» **Prompt**
Exactly as written, output each of the lines below, with no images.

» **Exercise data**
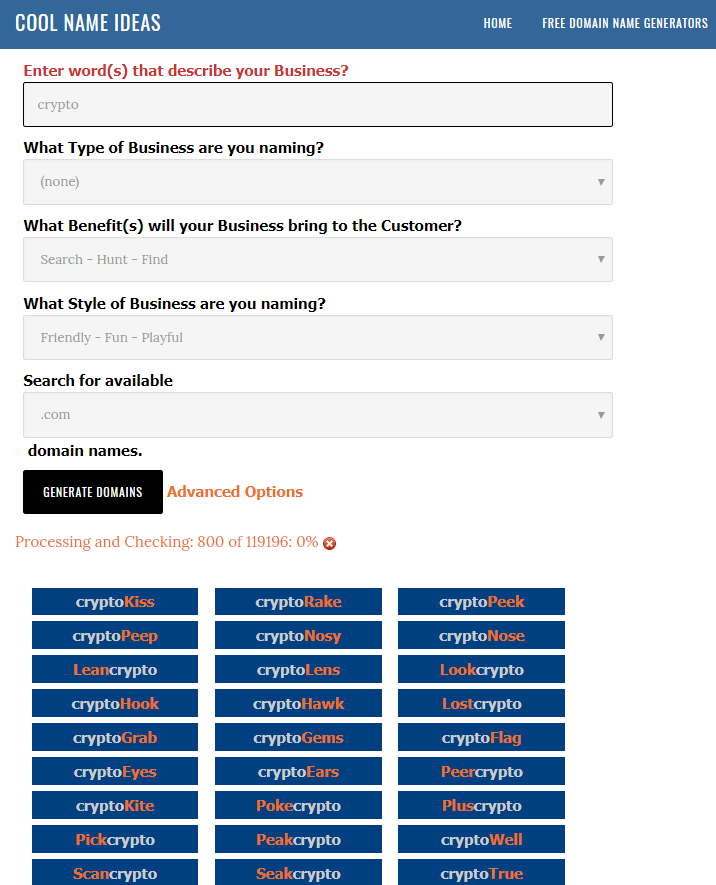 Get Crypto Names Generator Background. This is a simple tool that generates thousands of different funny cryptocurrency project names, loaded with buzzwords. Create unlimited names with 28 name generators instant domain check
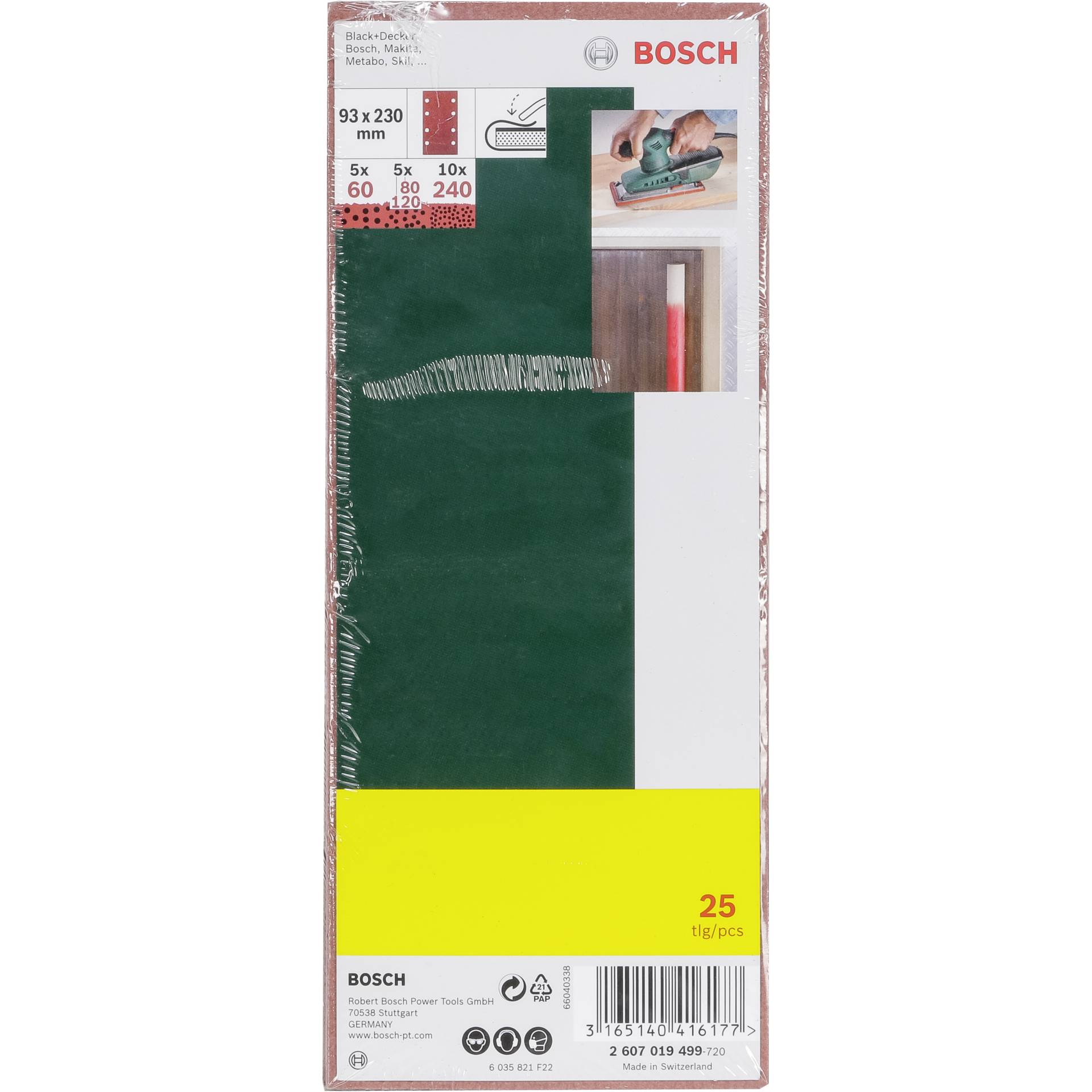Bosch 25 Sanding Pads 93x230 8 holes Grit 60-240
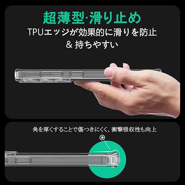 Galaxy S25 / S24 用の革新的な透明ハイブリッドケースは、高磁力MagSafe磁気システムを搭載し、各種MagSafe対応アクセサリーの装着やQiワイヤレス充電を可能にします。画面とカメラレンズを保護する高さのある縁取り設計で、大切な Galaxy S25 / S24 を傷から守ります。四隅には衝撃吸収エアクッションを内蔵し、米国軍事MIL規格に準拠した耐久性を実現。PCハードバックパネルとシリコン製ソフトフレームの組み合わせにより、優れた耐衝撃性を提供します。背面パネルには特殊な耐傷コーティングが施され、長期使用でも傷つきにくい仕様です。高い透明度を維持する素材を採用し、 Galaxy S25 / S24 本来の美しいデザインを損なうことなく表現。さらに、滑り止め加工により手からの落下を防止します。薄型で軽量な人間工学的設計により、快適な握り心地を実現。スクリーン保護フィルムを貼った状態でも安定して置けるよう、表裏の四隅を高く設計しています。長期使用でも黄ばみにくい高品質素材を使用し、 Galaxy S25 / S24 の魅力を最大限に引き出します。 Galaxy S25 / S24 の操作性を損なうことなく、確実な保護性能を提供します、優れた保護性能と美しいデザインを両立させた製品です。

» **Answer to the exercise**
 Get Crypto Names Generator Background. This is a simple tool that generates thousands of different funny cryptocurrency project names, loaded with buzzwords. Create unlimited names with 28 name generators instant domain check
Bosch 25 Sanding Pads 93x230 8 holes Grit 60-240
 Galaxy S25 / S24 用の革新的な透明ハイブリッドケースは、高磁力MagSafe磁気システムを搭載し、各種MagSafe対応アクセサリーの装着やQiワイヤレス充電を可能にします。画面とカメラレンズを保護する高さのある縁取り設計で、大切な Galaxy S25 / S24 を傷から守ります。四隅には衝撃吸収エアクッションを内蔵し、米国軍事MIL規格に準拠した耐久性を実現。PCハードバックパネルとシリコン製ソフトフレームの組み合わせにより、優れた耐衝撃性を提供します。背面パネルには特殊な耐傷コーティングが施され、長期使用でも傷つきにくい仕様です。高い透明度を維持する素材を採用し、 Galaxy S25 / S24 本来の美しいデザインを損なうことなく表現。さらに、滑り止め加工により手からの落下を防止します。薄型で軽量な人間工学的設計により、快適な握り心地を実現。スクリーン保護フィルムを貼った状態でも安定して置けるよう、表裏の四隅を高く設計しています。長期使用でも黄ばみにくい高品質素材を使用し、 Galaxy S25 / S24 の魅力を最大限に引き出します。 Galaxy S25 / S24 の操作性を損なうことなく、確実な保護性能を提供します、優れた保護性能と美しいデザインを両立させた製品です。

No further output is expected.